猫にとってそんなことは些細なことなのかもしれないな、フカフカの毛並みを撫でながらそう思った。

夜、猫がいるのはとてもいい。
外は地球が呼吸するのをやめたように静かだ。
こんなときに猫の寝息が聞こえると
とても安心する。これは命の音だ。
ときおりゴロゴロと喉の音も聴かせてくれる。

暗く静かな部屋で今日もわたしは考える。
あの人は今どこで何をしているのだろう。
今も誰かを愛しているのだろうか。
そうだといい、と心から思う。
彼は優しくて、弱い人だった。
誰かを愛していなければ、そして愛されていなければ
生きていけない人だった。
だから私は彼を憎むことができない。
憎むことができないから、今も愛したままだ。

急に膝の上から重みが取れた。
まだまだ軽やかな身のこなしで
カートがどこかへ行く。
彼がいなくなったときもこんな風だった、と思う。
きっかけは何もない。
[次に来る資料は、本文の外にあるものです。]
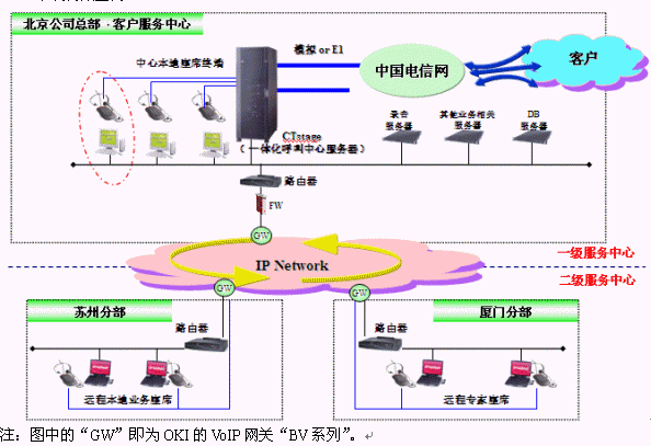 另一方面,OKI則擁有構筑大規(guī)模IP電話的豐富經(jīng)驗,從最初的窄帶網(wǎng)絡到最近的寬帶網(wǎng)絡,OKI一直在提供著最適合使用用戶環(huán)境的、追求音質的VoIP產(chǎn)品。伴隨著寬帶網(wǎng)絡在企業(yè)市場中日益深入的運用,及呼叫中心市場中呈現(xiàn)的最新需求,OKI充分將IP技術運用到呼叫中心系統(tǒng)中,推出IP型分散客服中心解決方案。所謂分散型系統(tǒng),是指用網(wǎng)絡將分散在各個點的多個呼叫中心連接起來,作為一個大規(guī)模中心統(tǒng)一運用的系統(tǒng)。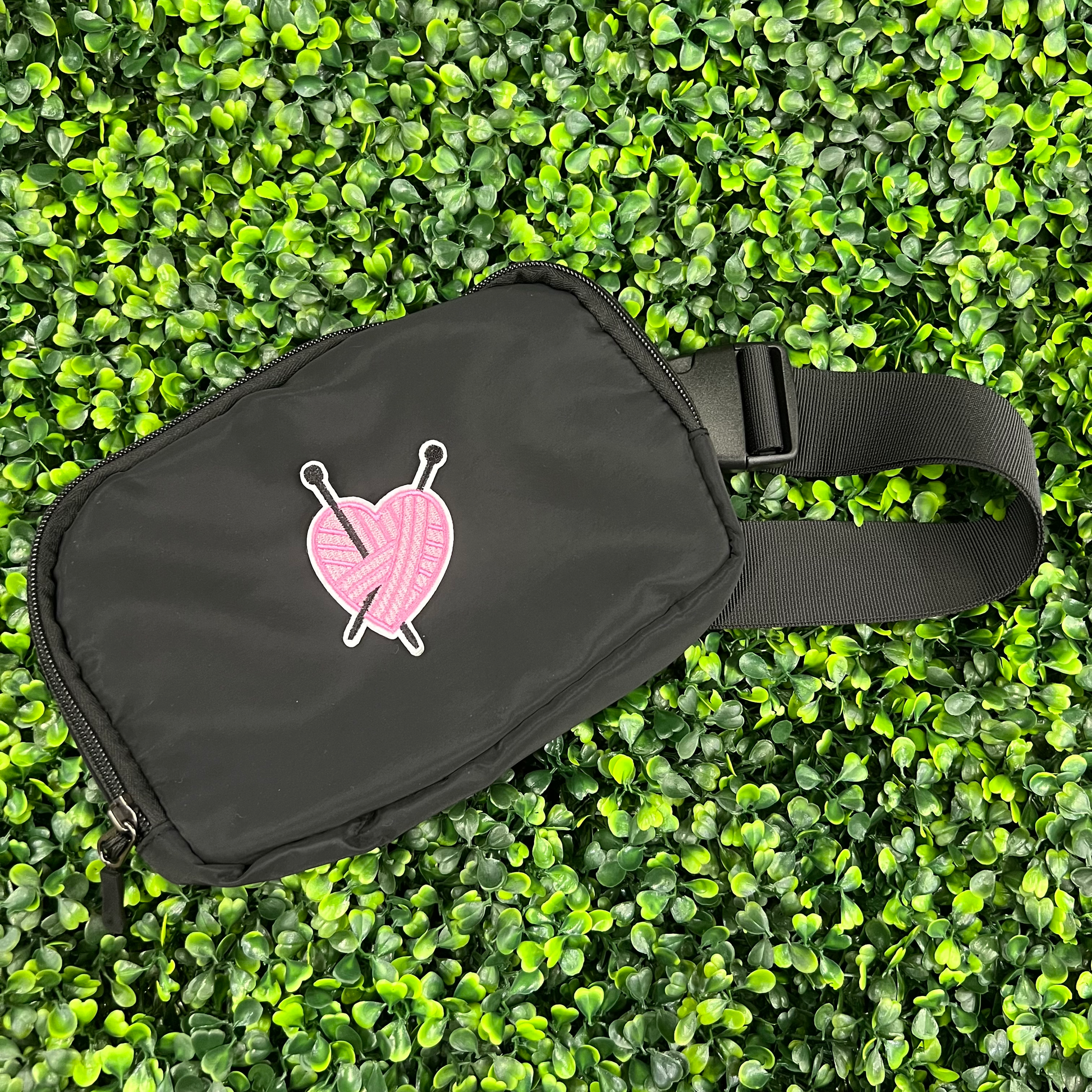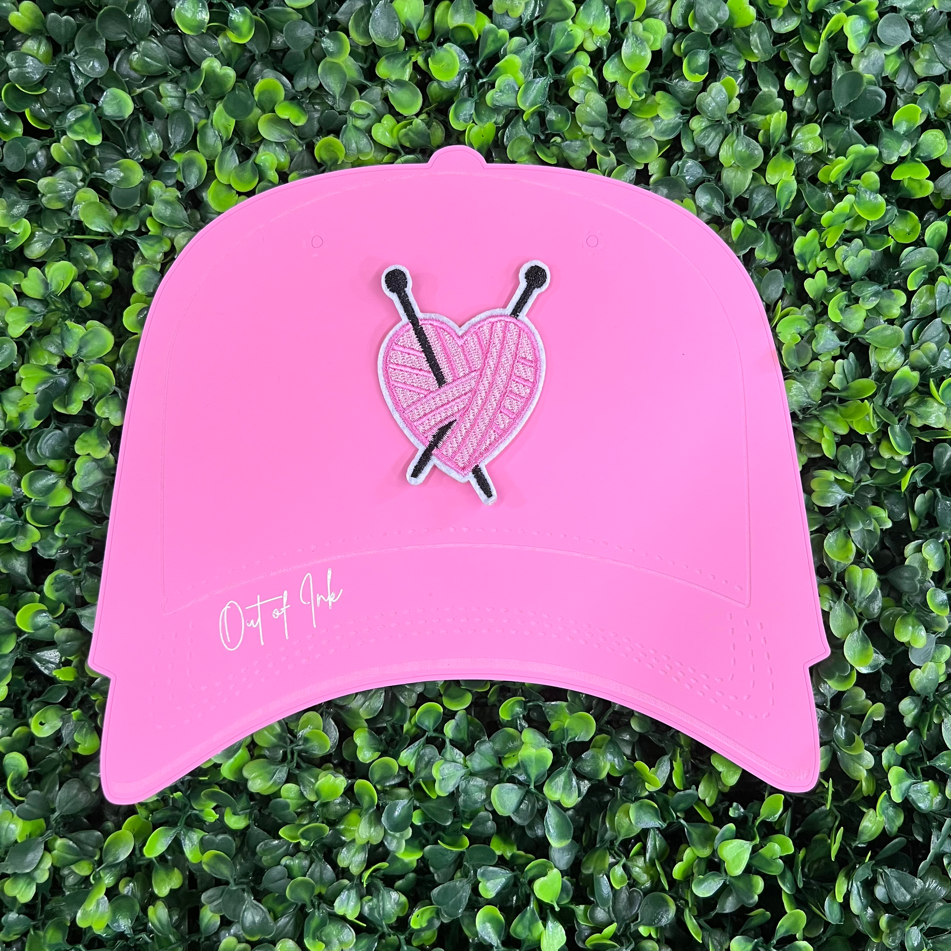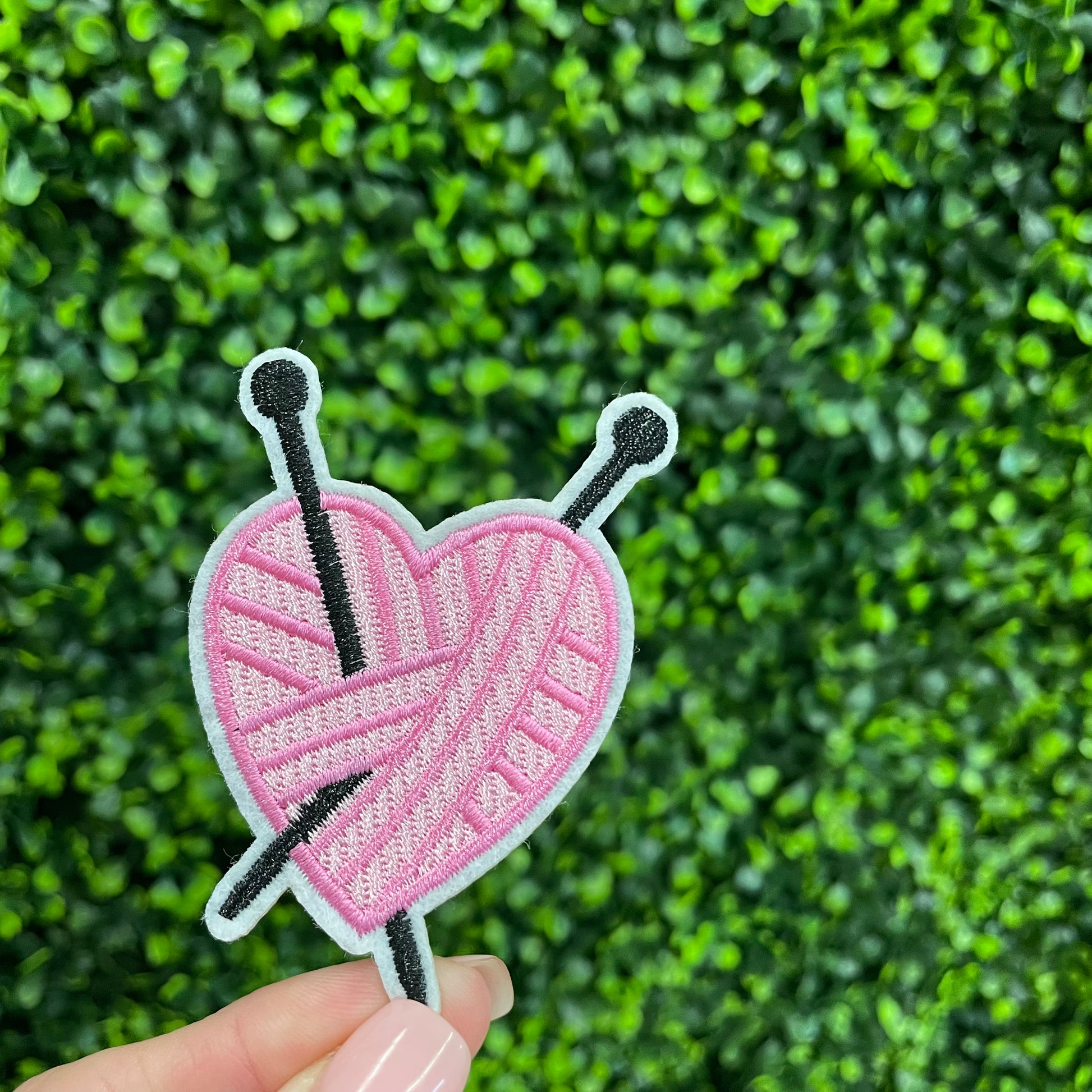 For the makers who craft with love. This embroidered patch features a pink heart made of yarn, complete with two knitting needles, making it the perfect accessory for knitters, crocheters, and crafters.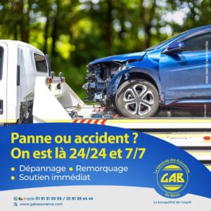 Ce service, créé par la Générale des Assurances du Bénin, est conçu pour vous permettre de reprendre la route en toute sérénité.Que vous ayez besoin d’un remorquage rapide, d’une réparation sur place ou d’une simple assistance pour un incident mineur, l’équipe de GAB AUTO se mobilise pour vous.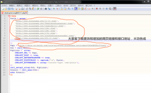 第二步:替换或者增加(增加就是直接按照格式复制上去)自己的需要提交的网址链接,和替换自己的代码接口地址。如图:
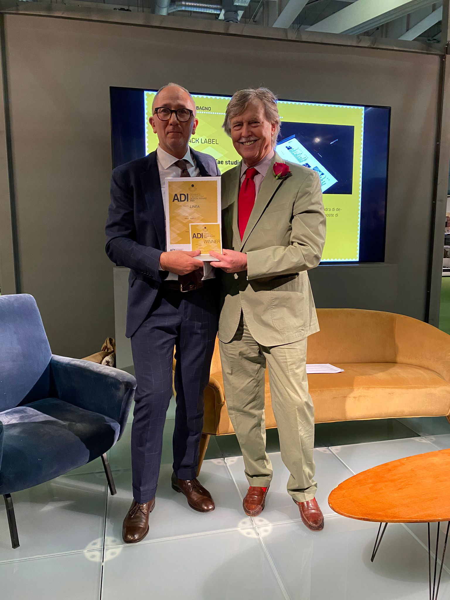 Innovazione, tecnologia e design a Cersaie 2021: la nuova gamma di box doccia Linea vince l’ADI 2021 con il suo sistema di installazione che offre un prodotto dall’estetica minimale e allo stesso tempo facile da posare in tutte le situazioni di cantiere (In foto: Oscar Colli consegna il premio a Giuseppe Presotto)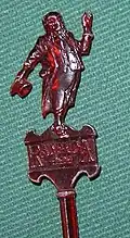 From its start in the 1950s until around 1976, Ramada's logo featured a friendly bald innkeeper, dubbed "Uncle Ben". He sported an apron (later a suit and tie) and held a top hat in one hand; in the other hand was a red trumpeted banner that read "Ramada Inn Roadside Hotels". From 1976 to 1982, the chain's logo was a simple rounded rectangle that read "Ramada Inn" in the original design's gothic Western-style lettering. From 1982 to 2004, Ramada changed to a revised, rounded rectangular design with more "modern" lettering.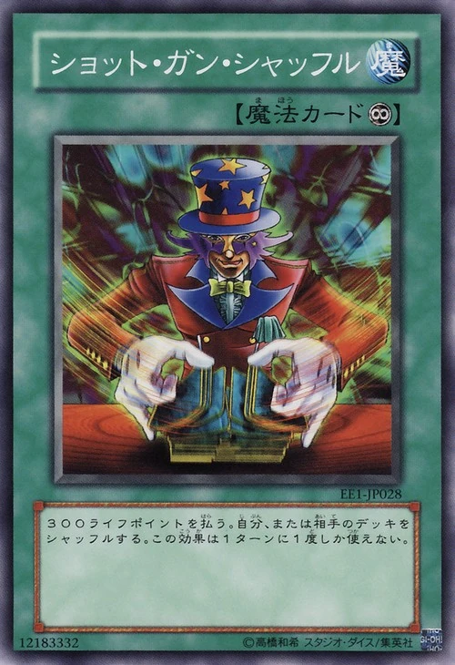 | ①: 1턴에 1번, 300 라이프 포인트를 지불하고 이 효과를 발동할 수 있다. 자신 또는 상대의 덱을 셔플한다. | ||||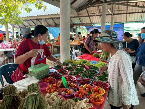🔹️ ในการนี้ ทีมงานสำนักงานพัฒนาชุมชนแม่ทะ ติดตามการดำเนินกิจกรรมตลาดประชารัฐคนไทยยิ้มได้และติดตามครัวเรือนผู้มีรายได้เฉลี่ยต่อคนต่อปี รายได้ไม่เกิน 45,000 บาท ตามข้อมูลความจำเป็นพื้นฐาน (จปฐ.) ประจำปี พ.ศ. 2568 ครัวเรือนเป้าหมาย TPMAP ประเภทพัฒนาได้ ตำบลดอนไฟ นำผลผลิตจากการฝึกอาชีพปลูกผักแบบประณีต ไฮโดรโปนิกส์ จำหน่ายในตลาด ทำให้ครัวเรือนมีรายได้เพิ่มขึ้น สามารถต่อยอดอาชีพและเก็บออมตามปรัชญาของเศรษฐกิจพอเพียง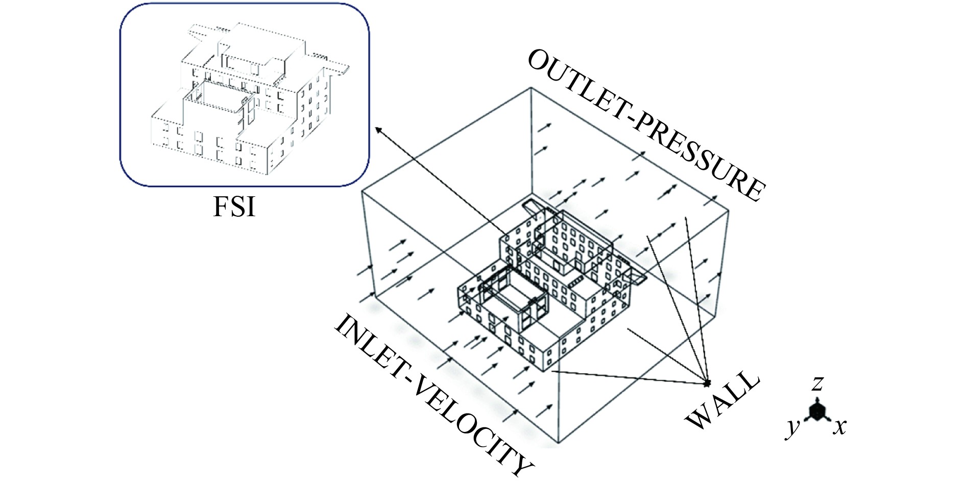 3.3 边界条件边界条件包含入口条件、出口条件以及壁面条件。在设置边界条件时,将壁面边界条件设定为无滑移,同时设定壁面运动条件为静止状态。为了研究流动特性,入口条件设置为速度入口(INLET),出口条件设定为压力出口(OUTLET),流场边界设定为壁面(WALL),并将上建表面设置为流体-结构相互作用面(FSI)。边界条件的设置如图6所示。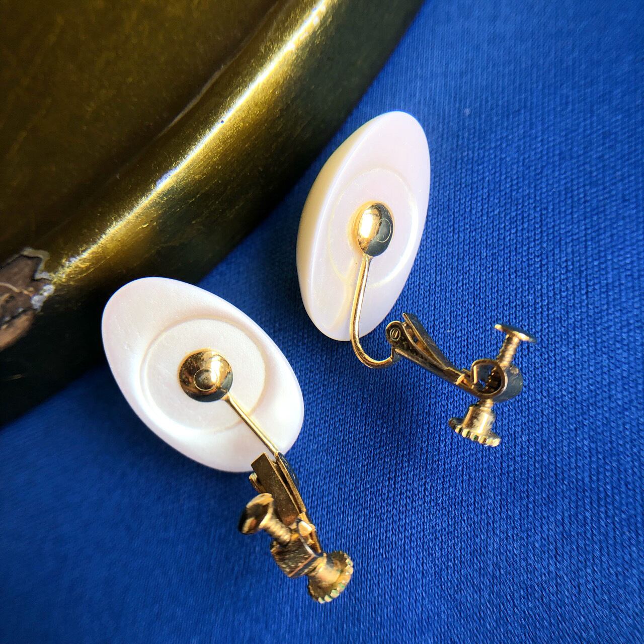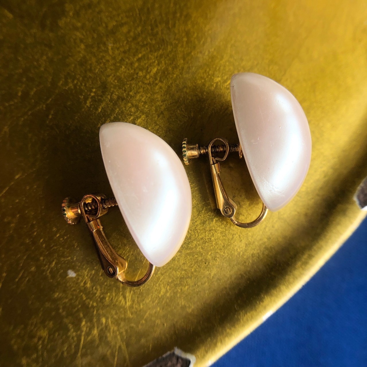 立体的なフォルムのオーバル型パールカボションが、シンプルながら存在感のある、とても素敵なヴィンテージイヤリングです。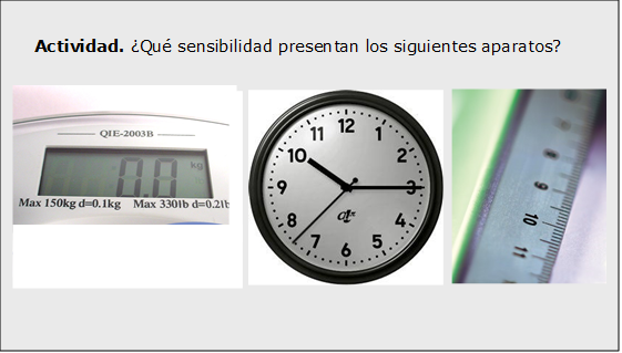 Una característica muy importante de los instrumentos de medición es la sensibilidad. La sensibilidad de un instrumento está dada por la mínima porción de magnitud que puede registrar. Es decir, qué tan finamente está dividida la escala del instrumento de medición.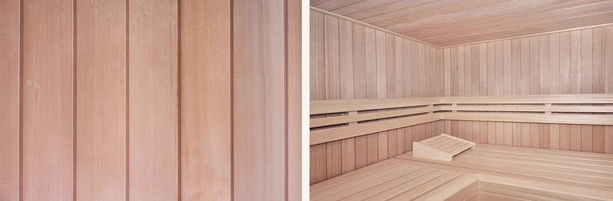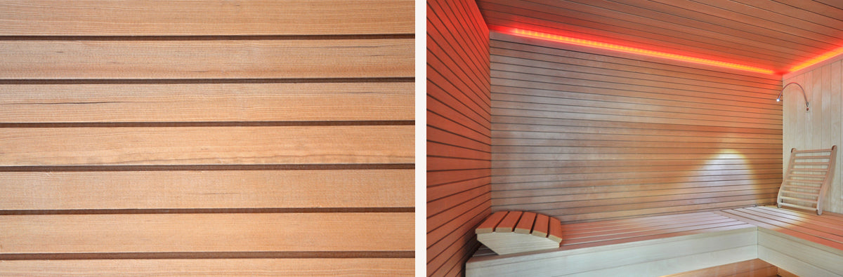 Das Profilholz in Rot­zeder ver­leiht der Sauna, ob als Innen- oder Außen­verklei­dung, ein an­­spre­­chen­­des ab­wechs­lungs­reiches Gesamt­bild. Das Holz sorgt durch sein brei­tes Spek­trum warmer, freund­­licher Farb­nuan­cen, die von hellem Bern­stein­gelb bis zu sattem Rot­braun reichen, für eine harmo­­nische, gemütliche Atmos­phäre in Ihrer Sauna.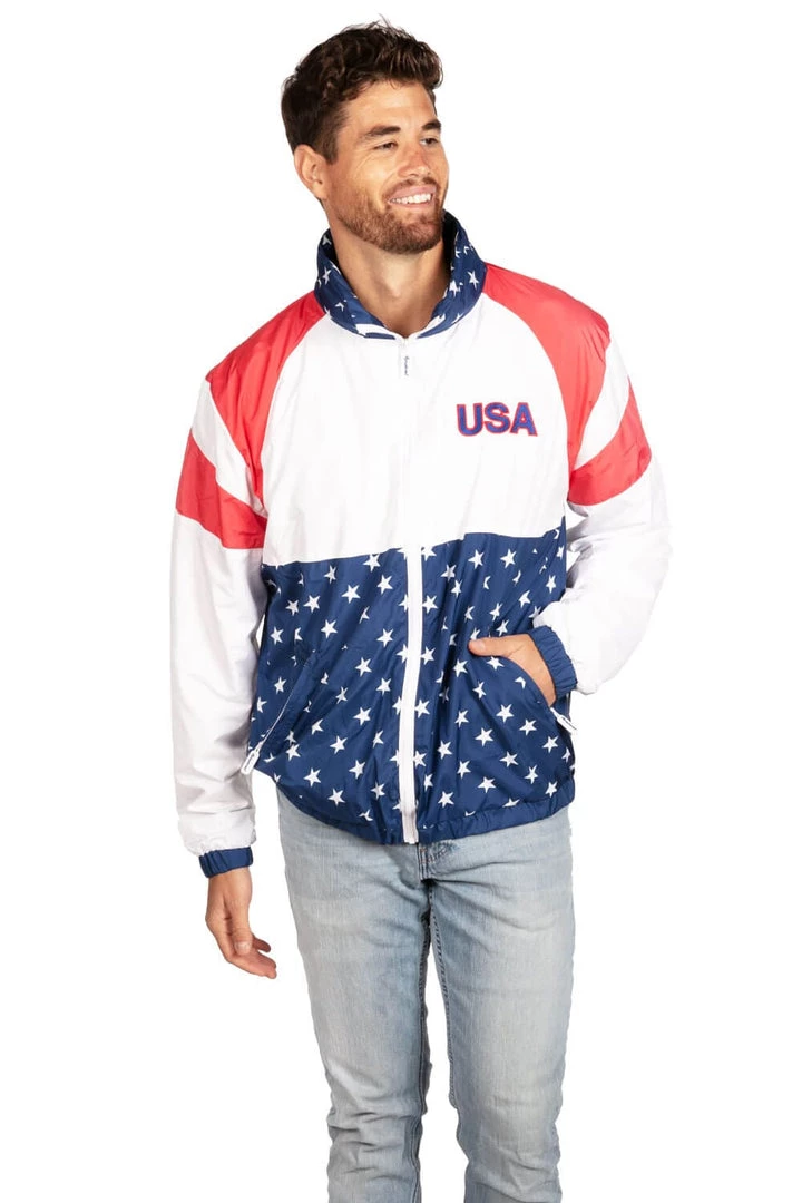 Tipsy Elves Patriotic Men’s USA Windbreaker Jacket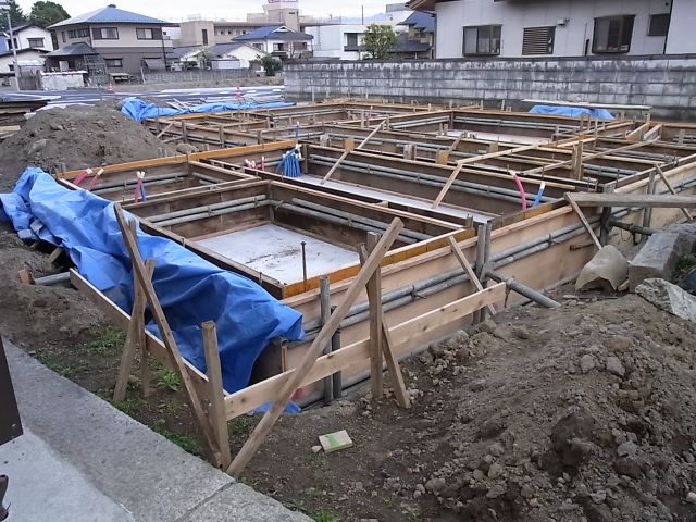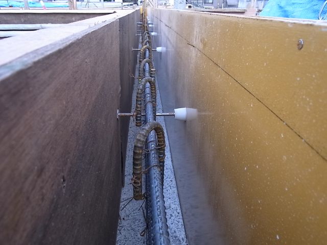 鉄筋のかぶり、型枠が図面通り組立てられているか、番線が飛び出ていないかチェックしました。
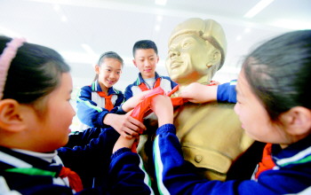甸柳第一小学,孩子们给雷锋像戴上红领巾。雷锋虽已远去,但雷锋精神将代代相传。 本报记者 左庆 摄

思い立ったように、
彼はいなくなってしまった。
彼の言葉を信じるならば、私は悪くないらしい。
そうなれば私にはなす術がなかった。

カートがいなくなったおかげで
私はやっと体勢をくずし
ベッドに横たわることができた。
バサッ!と大きな音がする。
気の利かない新聞配達員が朝刊を運んできたようだ。
まだ外は暗い。夜よ、どうかもう少しそこにいて。
まだもう少し、愛について考えたいのよ。